*** Opening Records for this exercise ***

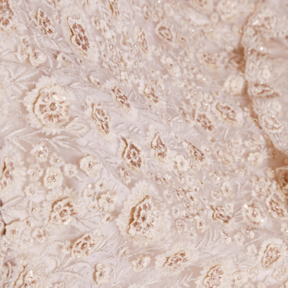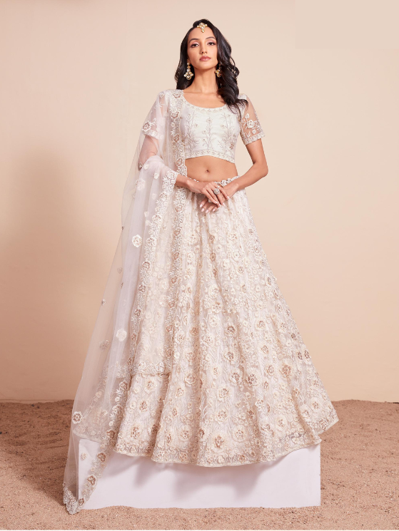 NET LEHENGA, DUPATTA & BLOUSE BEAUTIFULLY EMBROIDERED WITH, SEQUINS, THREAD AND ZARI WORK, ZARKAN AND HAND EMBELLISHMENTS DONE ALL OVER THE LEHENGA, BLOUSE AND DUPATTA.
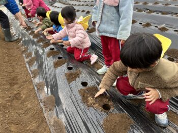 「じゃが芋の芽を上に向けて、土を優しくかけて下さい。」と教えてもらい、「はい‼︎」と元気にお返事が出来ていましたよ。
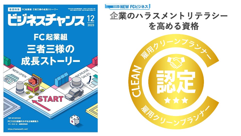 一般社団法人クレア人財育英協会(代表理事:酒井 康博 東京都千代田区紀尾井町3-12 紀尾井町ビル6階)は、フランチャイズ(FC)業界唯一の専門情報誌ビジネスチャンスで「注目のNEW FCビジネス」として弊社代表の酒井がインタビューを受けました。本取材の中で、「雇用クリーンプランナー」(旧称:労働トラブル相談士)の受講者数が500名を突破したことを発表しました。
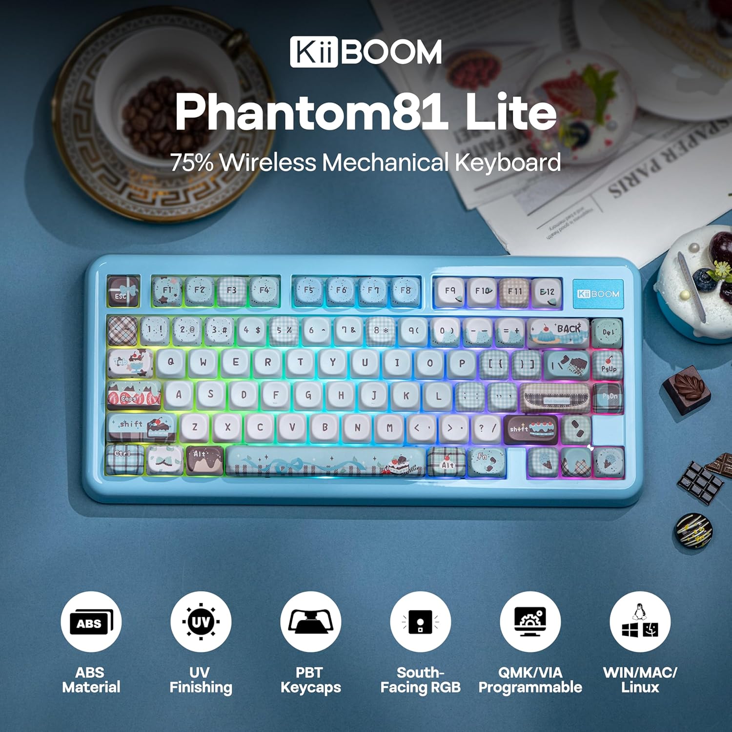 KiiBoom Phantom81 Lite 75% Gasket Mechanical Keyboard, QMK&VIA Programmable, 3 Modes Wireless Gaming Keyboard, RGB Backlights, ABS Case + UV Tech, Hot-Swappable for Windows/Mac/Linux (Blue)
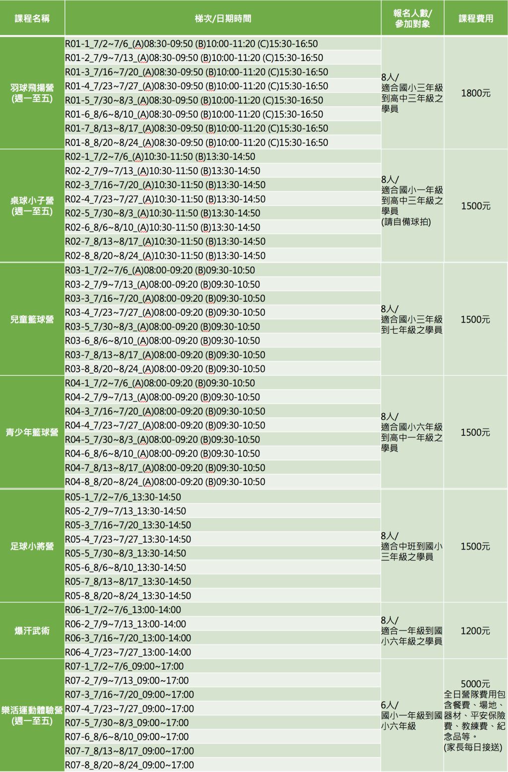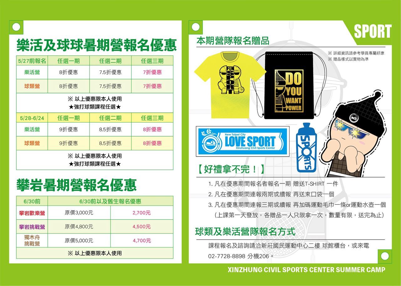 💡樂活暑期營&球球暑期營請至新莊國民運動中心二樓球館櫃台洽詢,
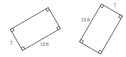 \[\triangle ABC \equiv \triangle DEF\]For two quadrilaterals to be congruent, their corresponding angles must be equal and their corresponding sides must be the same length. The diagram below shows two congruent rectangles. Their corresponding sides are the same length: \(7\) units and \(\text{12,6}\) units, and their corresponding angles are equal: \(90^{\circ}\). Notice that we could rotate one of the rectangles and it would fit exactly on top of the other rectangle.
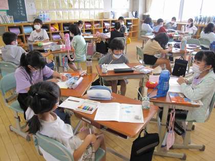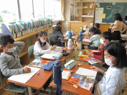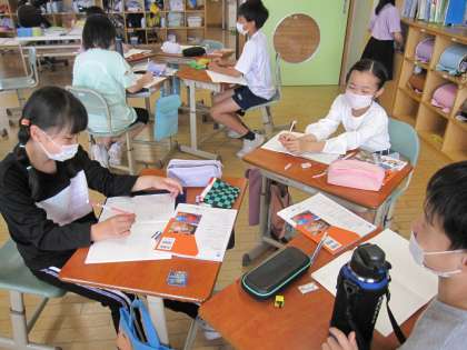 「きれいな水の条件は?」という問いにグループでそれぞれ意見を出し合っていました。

*** Closing Records for this exercise ***

• To do: Give back every entry verbatim. No pictures belong in the copy.

• Result for this exercise:
 NET LEHENGA, DUPATTA & BLOUSE BEAUTIFULLY EMBROIDERED WITH, SEQUINS, THREAD AND ZARI WORK, ZARKAN AND HAND EMBELLISHMENTS DONE ALL OVER THE LEHENGA, BLOUSE AND DUPATTA.
 「じゃが芋の芽を上に向けて、土を優しくかけて下さい。」と教えてもらい、「はい‼︎」と元気にお返事が出来ていましたよ。
 一般社団法人クレア人財育英協会(代表理事:酒井 康博 東京都千代田区紀尾井町3-12 紀尾井町ビル6階)は、フランチャイズ(FC)業界唯一の専門情報誌ビジネスチャンスで「注目のNEW FCビジネス」として弊社代表の酒井がインタビューを受けました。本取材の中で、「雇用クリーンプランナー」(旧称:労働トラブル相談士)の受講者数が500名を突破したことを発表しました。
 KiiBoom Phantom81 Lite 75% Gasket Mechanical Keyboard, QMK&VIA Programmable, 3 Modes Wireless Gaming Keyboard, RGB Backlights, ABS Case + UV Tech, Hot-Swappable for Windows/Mac/Linux (Blue)
 💡樂活暑期營&球球暑期營請至新莊國民運動中心二樓球館櫃台洽詢,
 \[\triangle ABC \equiv \triangle DEF\]For two quadrilaterals to be congruent, their corresponding angles must be equal and their corresponding sides must be the same length. The diagram below shows two congruent rectangles. Their corresponding sides are the same length: \(7\) units and \(\text{12,6}\) units, and their corresponding angles are equal: \(90^{\circ}\). Notice that we could rotate one of the rectangles and it would fit exactly on top of the other rectangle.
 「きれいな水の条件は?」という問いにグループでそれぞれ意見を出し合っていました。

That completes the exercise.